Abbott would be in an awkward position. He had a lukewarm response to Paxton’s lawsuit, but given Texas’s 38 electoral college votes, he would have faced the sort of pressure from Trump that the president has put on Georgia Gov. Kemp. In a tweet this week Trump called Kemp a “fool” and wrote: “Demand this clown call a Special Session and open up signature verification NOW.”
In that atmosphere, elections officials in large counties such as Bexar County elections administrator Jacquelyn Callanen would, like election officials all over the country, be the targets of vicious threats as Texas became awash in conspiracy theories.
Texas Republican State Chairman Allen West, who called for states to secede in the wake of the Supreme Court quashing of Paxton’s suit, would lead the madness.

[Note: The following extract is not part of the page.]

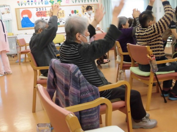 中には日頃の日常生活で使う動作の方も行いました。例えば椅子の立ち上がりの際、両手の持ち方と体の起こし方を同時にやる体操も行ってきました♪

There is some sanity left among conservatives in the Texas Republican party. Sen. John Cornyn and Rep. Chip Roy (R-Austin) both opposed Paxton’s suit.
“I do not understand the legal theory,” said Cornyn, a former Texas attorney general. “I don’t want other states having a chance to change Texas law based on a similar effort.”
Roy, formerly Paxton’s top assistant in the AG’s office, called the lawsuit a “dangerous violation of federalism” in a series of posts Thursday on Twitter.
Paxton, however, doubled down after the Supreme Court’s rejection, issuing an Orwellian statement.
“It is unfortunate that the Supreme Court decided not to take this case and determine the constitutionality of these four states’ failure to follow federal and state election law,” he said. “I will continue to tirelessly defend the integrity and security of our elections and hold accountable those who shirk established election law for their own convenience.”
It needs to be plainly stated. Paxton attempted to “defend the integrity” of our elections by reversing, without a trace of evidence of massive fraud, an election decided by a clear majority of both the voters and the electoral college. And those elections officials who he said “shirk established election law for their own convenience” were honest officials who added to their work by expanding early voting and mail-in voting in order to help protect both voters and poll workers.
In this election, these were the patriotic defenders of democracy and Paxton and his ilk are the ones trying to steal the election.